▸ **SUPPLIED INFORMATION**

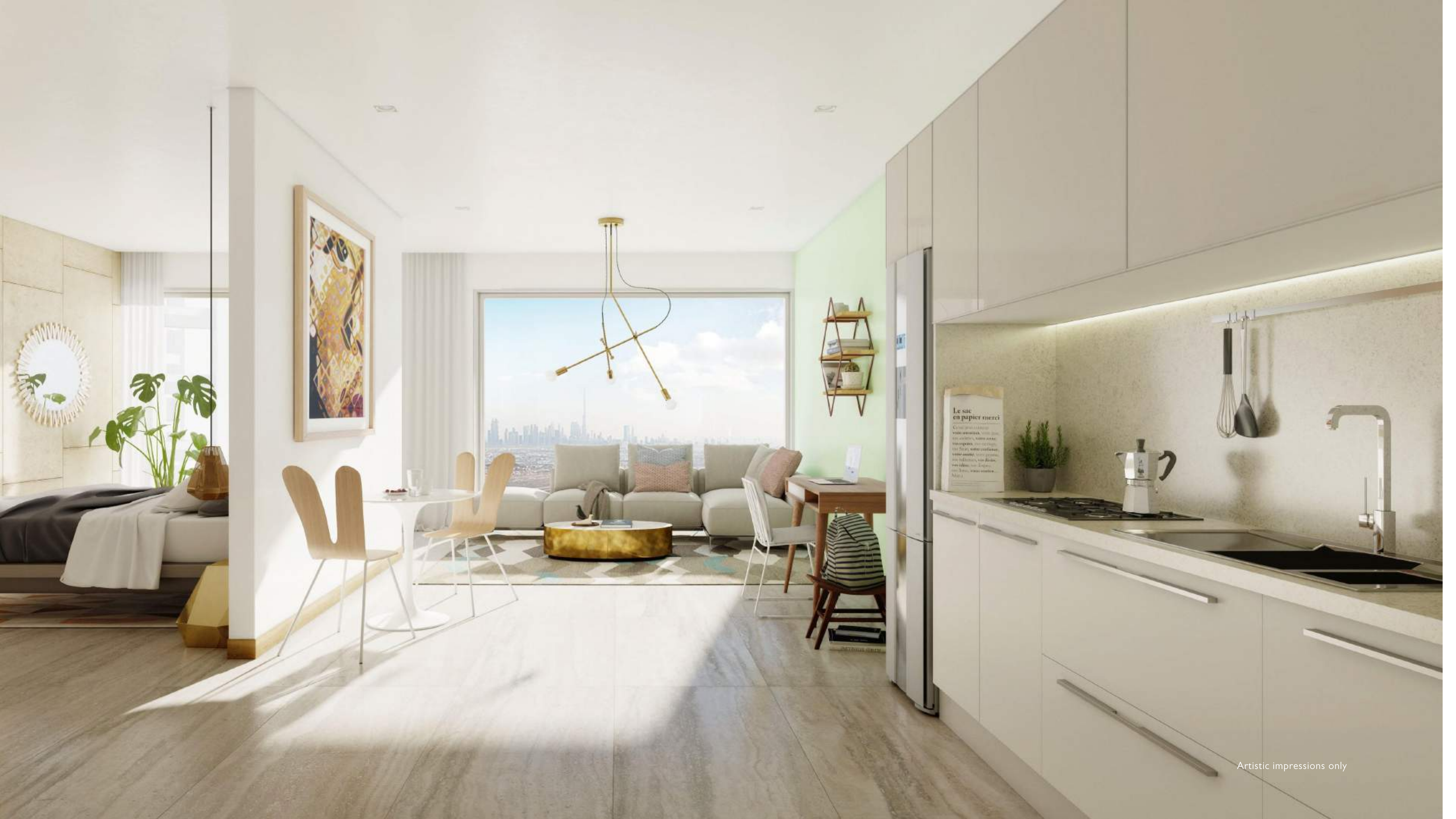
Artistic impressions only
--
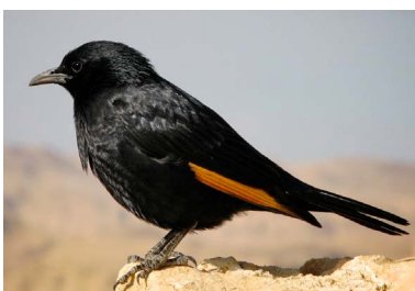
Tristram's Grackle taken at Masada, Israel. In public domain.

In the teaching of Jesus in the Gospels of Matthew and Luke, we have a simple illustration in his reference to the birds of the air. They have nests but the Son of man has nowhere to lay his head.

▸ **TASK DETAILS**
Starting at the line above that contains "Tristram's Grackle taken", repeat each line exactly up to and including the line that contains "In the teaching", and stop there.

▸ **WRITTEN RESPONSE**
Tristram's Grackle taken at Masada, Israel. In public domain.

In the teaching of Jesus in the Gospels of Matthew and Luke, we have a simple illustration in his reference to the birds of the air. They have nests but the Son of man has nowhere to lay his head.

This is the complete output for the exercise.